- Alathur Location in Tamil Nadu, India Alathur Alathur (India)
- Coordinates: 10°29′31″N 79°20′53″E﻿ / ﻿10.492°N 79.348°E
- Country: India
- State: Tamil Nadu
- District: Thanjavur

Government
- • Type: Unicameral

Area
- • Total: 8.2 km^{2} (3.2 sq mi)
- • Rank: 4

Population (2011)
- • Total: 4,733
- • Rank: 8
- • Density: 580/km^{2} (1,500/sq mi)

Languages
- • Official: Tamil
- Time zone: UTC+5:30 (IST)
- PIN: 614901
- Telephone code: 04373
- Vehicle registration: TN 49

= Alathur, Thanjavur =

Alathur is a village in Pattukkottai taluk of Thanjavur district, Tamil Nadu, India. Alathur village is a division of Musugundha Nadu part of Chola Nadu.It is located approximately eight kilometers from Pattukkottai - Mannargudi with the well-connected road of State Highway (SH 146) a route called Sethubachathiram Road. It is the third biggest village in pattukkottai taluk after Thamarankottai and Thambikottai. Alathur is an Agricultural community, Commercial market and Centres.

== Administration ==
- Panchayath Villages: Alathur
- Revenue Villages:
  - Alathur
  - Musiri
  - Vadugankuthagai
  - Mahadevapuram

== Demographics ==
According to the 2011 census, Alathur had a total population of 4733 with 2163 males, 2570 females and 475 children. The literacy rate was 77.05 percent.

== Geography ==

The village was formed by the union of two regions, Alathur and Mahadevapuram, each of 700 acre which later became the single village of Alathur 1400 acre. It is surrounded by Madukur, Alampallam, Sembaloore, Mullur Pattikadu, Thalikottai, Pulavanji, Ambalapattu and Thittakudi. Alathur is a most developed village in Thanjavur district.
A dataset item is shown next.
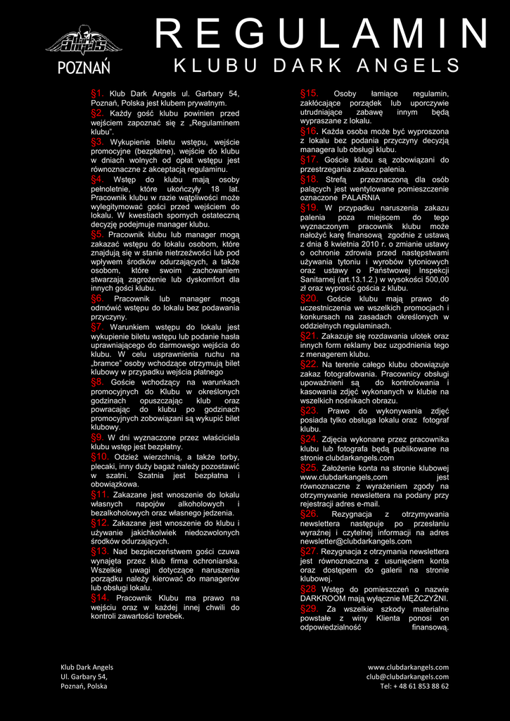 REGULAMIN KLUBU DARK ANGELS §1. Klub Dark Angels ul. Garbary 54, Poznań, Polska jest klubem prywatnym. §2. Każdy gość klubu powinien przed wejściem zapoznać się z „Regulaminem klubu”. §3. Wykupienie biletu wstępu, wejście promocyjne (bezpłatne), wejście do klubu w dniach wolnych od opłat wstępu jest równoznaczne z akceptacją regulaminu. §4. Wstęp do klubu mają osoby pełnoletnie, które ukończyły 18 lat. Pracownik klubu w razie wątpliwości może wylegitymować gości przed wejściem do lokalu. W kwestiach spornych ostateczną decyzję podejmuje manager klubu. §5. Pracownik klubu lub manager mogą zakazać wstępu do lokalu osobom, które znajdują się w stanie nietrzeźwości lub pod wpływem środków odurzających, a także osobom, które swoim zachowaniem stwarzają zagrożenie lub dyskomfort dla innych gości klubu. §6. Pracownik lub manager mogą odmówić wstępu do lokalu bez podawania przyczyny. §7. Warunkiem wstępu do lokalu jest wykupienie biletu wstępu lub podanie hasła uprawniającego do darmowego wejścia do klubu. W celu usprawnienia ruchu na „bramce” osoby wchodzące otrzymują bilet klubowy w przypadku wejścia płatnego §8. Goście wchodzący na warunkach promocyjnych do Klubu w określonych godzinach opuszczając klub oraz powracając do klubu po godzinach promocyjnych zobowiązani są wykupić bilet klubowy. §9. W dni wyznaczone przez właściciela klubu wstęp jest bezpłatny. §10. Odzież wierzchnią, a także torby, plecaki, inny duży bagaż należy pozostawić w szatni. Szatnia jest bezpłatna i obowiązkowa. §11. Zakazane jest wnoszenie do lokalu własnych napojów alkoholowych i bezalkoholowych oraz własnego jedzenia. §12. Zakazane jest wnoszenie do klubu i używanie jakichkolwiek niedozwolonych środków odurzających. §13. Nad bezpieczeństwem gości czuwa wynajęta przez klub firma ochroniarska. Wszelkie uwagi dotyczące naruszenia porządku należy kierować do managerów lub obsługi lokalu. §14. Pracownik Klubu ma prawo na wejściu oraz w każdej innej chwili do kontroli zawartości torebek. Klub Dark Angels Ul. Garbary 54, Poznań, Polska §15. Osoby łamiące regulamin, zakłócające porządek lub uporczywie utrudniające zabawę innym będą wypraszane z lokalu. §16. Każda osoba może być wyproszona z lokalu bez podania przyczyny decyzją managera lub obsługi klubu. §17. Goście klubu są zobowiązani do przestrzegania zakazu palenia. §18. Strefą przeznaczoną dla osób palących jest wentylowane pomieszczenie oznaczone PALARNIA §19. W przypadku naruszenia zakazu palenia poza miejscem do tego wyznaczonym pracownik klubu może nałożyć karę finansową zgodnie z ustawą z dnia 8 kwietnia 2010 r. o zmianie ustawy o ochronie zdrowia przed następstwami używania tytoniu i wyrobów tytoniowych oraz ustawy o Państwowej Inspekcji Sanitarnej (art.13.1.2.) w wysokości 500,00 zł oraz wyprosić gościa z klubu. §20. Goście klubu mają prawo do uczestniczenia we wszelkich promocjach i konkursach na zasadach określonych w oddzielnych regulaminach. §21. Zakazuje się rozdawania ulotek oraz innych form reklamy bez uzgodnienia tego z menagerem klubu. §22. Na terenie całego klubu obowiązuje zakaz fotografowania. Pracownicy obsługi upoważnieni są do kontrolowania i kasowania zdjęć wykonanych w klubie na wszelkich nośnikach obrazu. §23. Prawo do wykonywania zdjęć posiada tylko obsługa lokalu oraz fotograf klubu. §24. Zdjęcia wykonane przez pracownika klubu lub fotografa będą publikowane na stronie clubdarkangels.com §25. Założenie konta na stronie klubowej www.clubdarkangels,com jest równoznaczne z wyrażeniem zgody na otrzymywanie newslettera na podany przy rejestracji adres e-mail. §26. Rezygnacja z otrzymywania newslettera następuje po przesłaniu wyraźnej i czytelnej informacji na adres [email protected] §27. Rezygnacja z otrzymania newslettera jest równoznaczna z usunięciem konta oraz dostępem do galerii na stronie klubowej. §28 Wstęp do pomieszczeń o nazwie DARKROOM mają wyłącznie MĘŻCZYŹNI. §29. Za wszelkie szkody materialne powstałe z winy Klienta ponosi on odpowiedzialność finansową. www.clubdarkangels.com [email protected] Tel: + 48 61 853 88 62

A branch of the Kallanikalvai (a canal from Cauvery River) runs through the centre of Alathur, which is surrounded by irrigation canals and water storage areas such as Pudukulam, Pudu Lake, Veeranar kulam, Sivan kovil kulam, Oddai, Nara Panai. This abundance of irrigation supports paddy, coconut farms, sugarcane, etc.

Sri Veeranar ayyanar temple is famous temple in Alathur and also surrounding areas.

It has almost all temples within its area such as Lord Sivan temple, Lord Ganapathy, Lord Muruga, Goddess Kaliamman, Goddess Kamatchi Amman, and Muniyappan temple.